In order to be valid a given contour must contain the sample point. The first step is to find the contour’s palm. The biggest convexity defect is found and then the model discards all other convexity defects whose depth is less than 6.6% of the biggest defect depth. A potential hand 5 shape must have between 3 and 8 kept convexity defects. The inner points of these defects are used to find a minimum enclosing circle which is declared to be the palm (Fig. 14).

Fig. 14
figure 14

Open Hand Model Palm Location

The tip points are found by averaging the start and end points of adjacent convexity defects.
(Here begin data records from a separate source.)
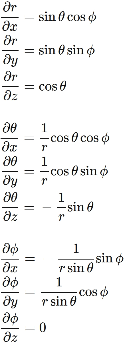 この式に含まれる極座標のデカルト座標による偏微分は、
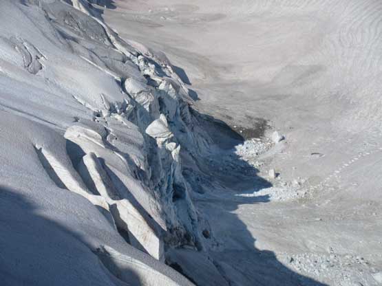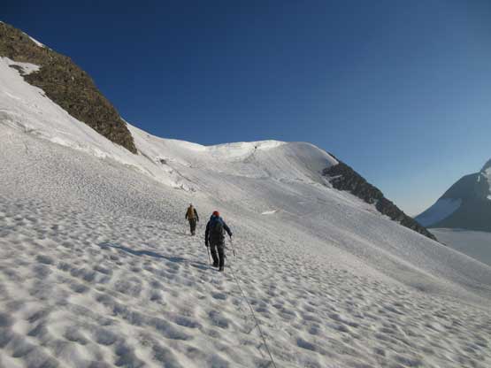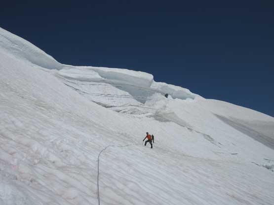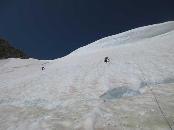 But even so a lengthy glacier travel was still required so we set the alarm at 4:30 am and started in pitch dark. We had just done the approach two days earlier so navigation in dark was no problem. We correctly found the waterfall gully and for some reason the ascent of this gully felt a lot easier than the first time I did it. The rocks were more solid because the loose stuffs were already knocked down. Upon hitting ice on the edge of glacier we decided to go farther out to climber’s left. The decision was to avoid that sketchy jump-across. We still had to deal with a bit of steep ice and a maze of crevasses but most of them were easily navigable. In short time we had arrived at the flat, snow-covered glacier and took a long break. Onward we aimed at the higher of the two cols connecting Mt. Ellis with Mt. Somervell.
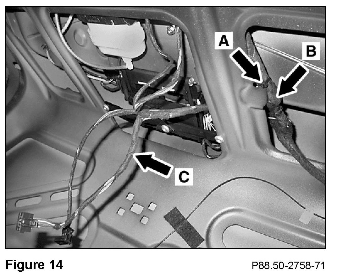 23. Unravel the tape (C, Figure 14) from the wiring harness for the emergency release switch for the trunk lid.
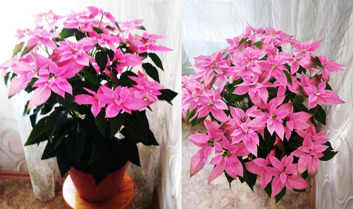 Вы думаете, эта шикарная розовая шапка состоит из цветов? Не угадали, это прицветники, а цветочки у него очень мелкие и неказистые, на которые и внимания-то сразу не обратишь. Цветет пуансеттия с декабря по февраль. Представляете - на улице снег, холодрыга, ветер или промозглая слякотища, а у вас дома всю зиму эта красотень стоит и глаз радует. Вот такое мы приобрели себе чудо, хотя и совсем непростое. Его сок может вызывать раздражение кожи, а также тошноту, рвоту или диарею . Так что – соблюдайте технику безопасности и будет вам счастье.
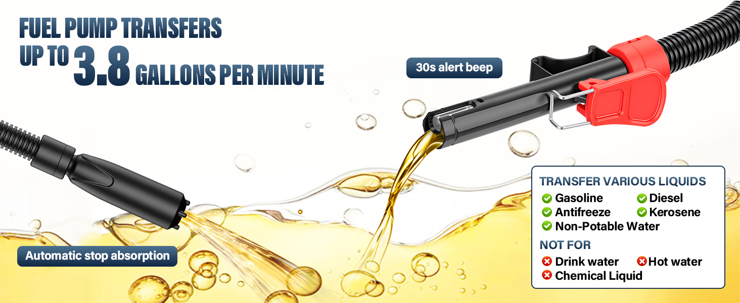 Auto-Stop Smart Leak Protection: This electric fuel transfer pump features an intelligent auto-stop nozzle that stops the flow when the tank is full—locking in fuel, preventing leaks, and keeping your space clean and safe. A 30-second alarm will sound to remind you when the tank is full. Ideal for safe, hassle-free refueling of your car, lawn mower, tractor, motorcycle, and even your yacht.
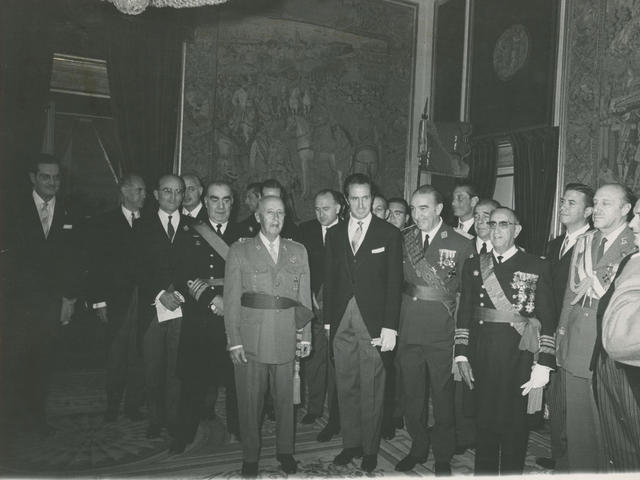 Instantánea de Francisco Franco junto con otros militares en una recepción oficial
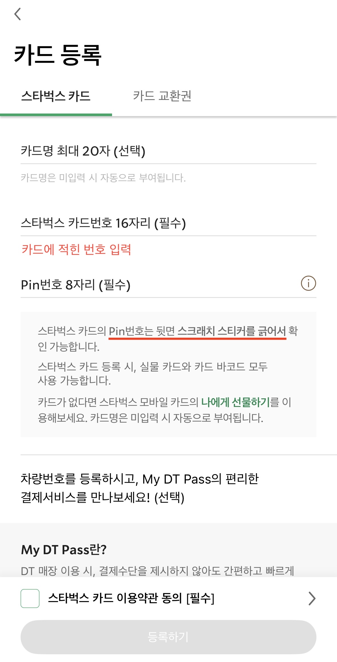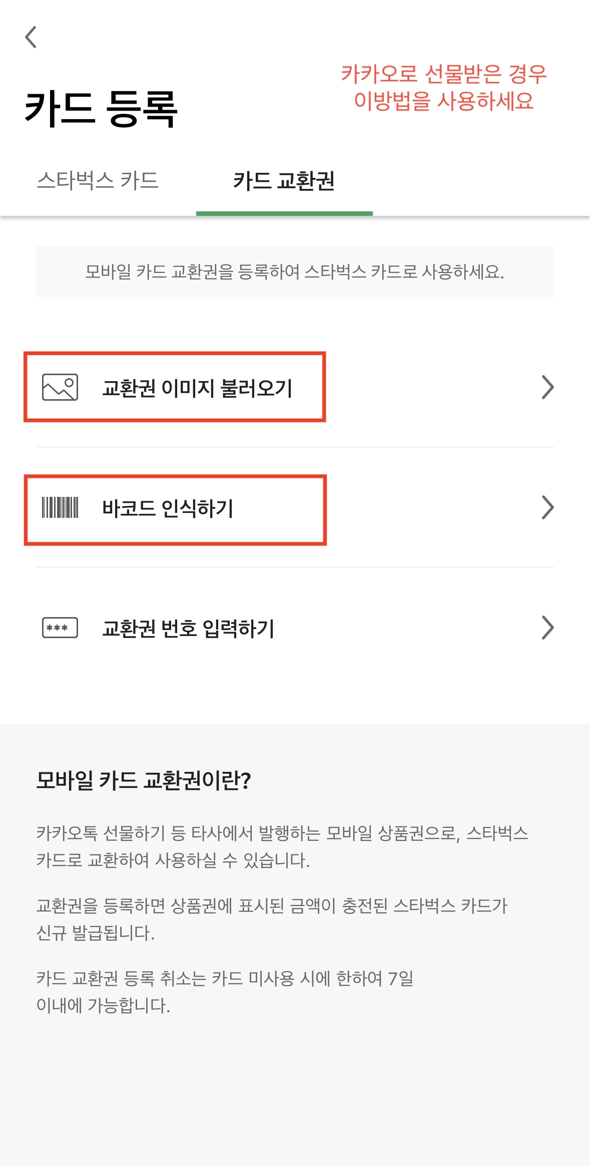 10.스타벅스 카드 등록 시 주의사항

The angles of each tip point to its corresponding inner points are also measured (Fig. 15).

Fig. 15
figure 15

Open Hand Model Finger Processing (1)

The model then goes through each pair of adjacent convexity defects and their corresponding tip points to determine if the contour protrusion that they represent corresponds to an extended finger (Fig. 16).

Fig. 16
figure 16

Open Hand Model Finger Processing (2)

The finger basepoint is halfway between two adjacent inner points. The shifted finger base point is the point on the palm circle which has the same angle to the palm center as the finger base point. The knuckle point is halfway between the tip point and the shifted finger base point.

All of the relationships that are presented are evaluated with the model equations to determine if a given tip point represents a valid extended visible finger. This enforces the angle and proportion limits of the model.
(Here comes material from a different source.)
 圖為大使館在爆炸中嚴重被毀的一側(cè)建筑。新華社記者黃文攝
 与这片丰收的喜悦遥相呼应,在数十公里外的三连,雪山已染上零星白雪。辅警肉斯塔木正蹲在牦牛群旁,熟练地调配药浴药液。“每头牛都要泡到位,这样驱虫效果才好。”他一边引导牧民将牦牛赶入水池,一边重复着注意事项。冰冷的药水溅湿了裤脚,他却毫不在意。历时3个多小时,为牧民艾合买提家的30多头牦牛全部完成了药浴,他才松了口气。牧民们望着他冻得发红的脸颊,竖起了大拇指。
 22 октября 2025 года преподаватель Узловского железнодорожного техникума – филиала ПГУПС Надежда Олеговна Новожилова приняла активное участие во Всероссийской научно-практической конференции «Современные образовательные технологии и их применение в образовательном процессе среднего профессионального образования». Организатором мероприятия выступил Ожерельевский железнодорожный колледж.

Once the valid finger points of a contour have been found the number of consecutive finger points are found. Consecutive finger points are adjacent valid finger points that form an angle between themselves and their intermediate inner point of 45 degrees of less. A contour shape is declared to be a hand 5 shape if it has either 4 or 5 valid finger points or at least 3 consecutive finger points. These conditions are designed to ensure quick recognition in the presence of noise. If a contour shape is found to be a hand 5 shape then the open hand model returns true.

4.4 The general hand model

The general hand contour model is a series of geometric tests that is used for validating the hand L and hand I gestures. The model takes a sample point and a back projection as input and outputs the visible extended finger count of a valid hand contour if one is found. Due to space constraints the details of the model equations will be omitted here. The full models equations are available at [67].
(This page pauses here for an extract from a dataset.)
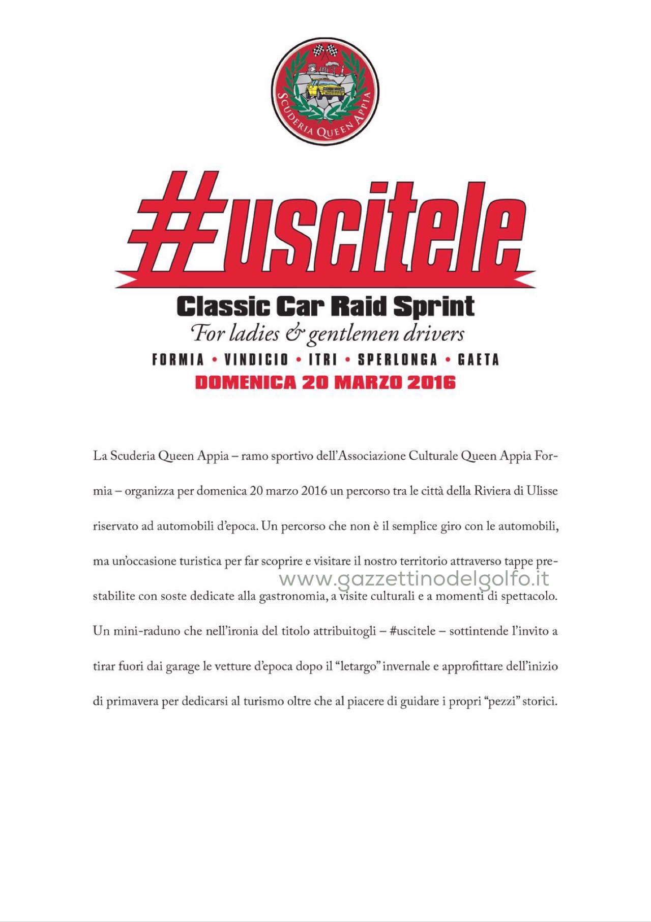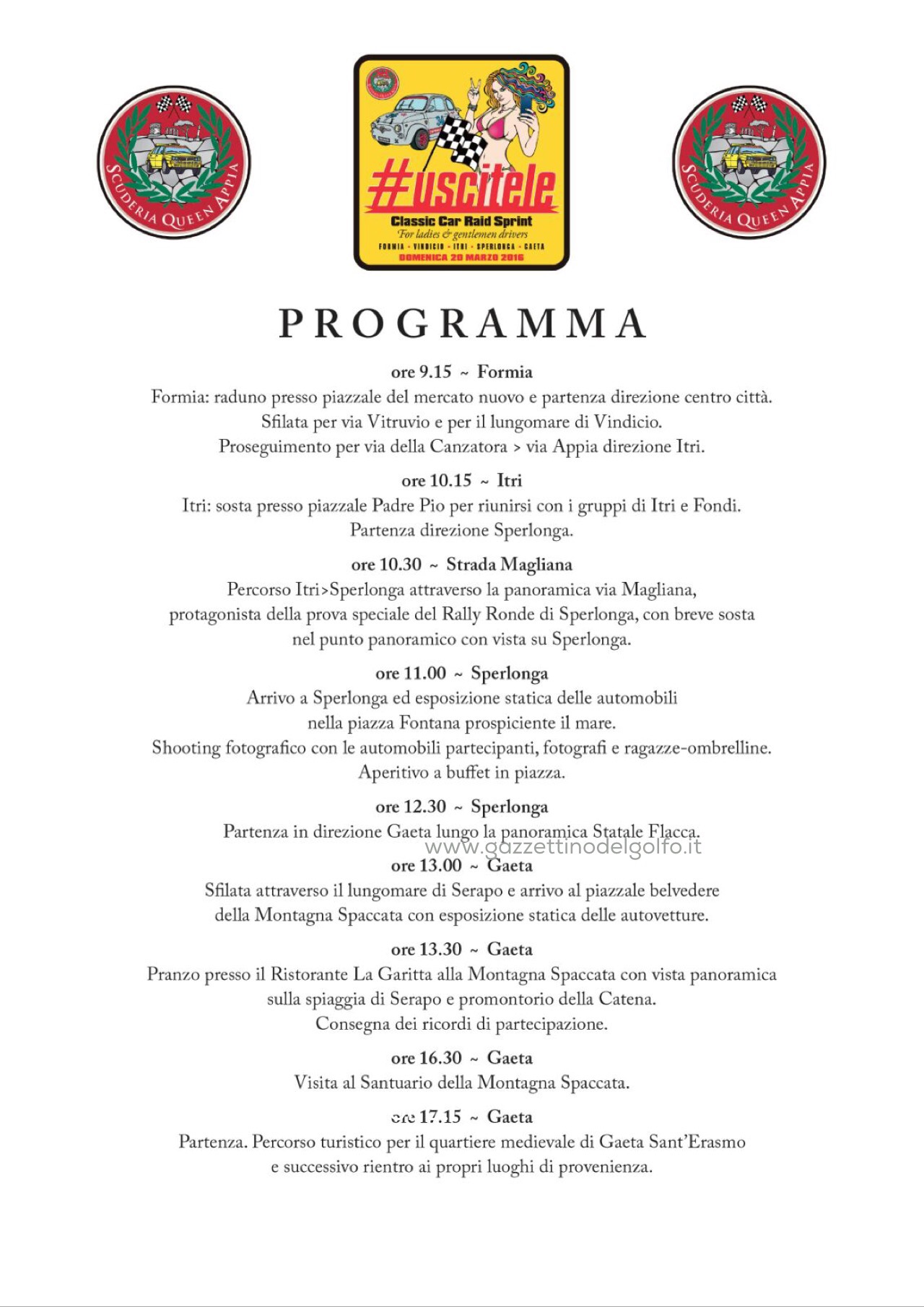 Gli amici fraterni della Scuderia Queen Appia di Formia organizzano per domenica 20 marzo un particolare, sicuramente interessante e divertente giro, con le automobili d’epoca tra le città della Riviera di Ulisse.

A valid hand contour must contain the sample point. A valid contour must also be at least 120 points in size. (Our system runs on 640 × 480 frames). If no valid contour is found then the model terminates evaluation. The convexity defects of the contour are filtered in the same way as in the open hand model but defects with defect depths of less than 10.0% of the biggest defect depth are discarded. Any number of kept convexity defects is valid.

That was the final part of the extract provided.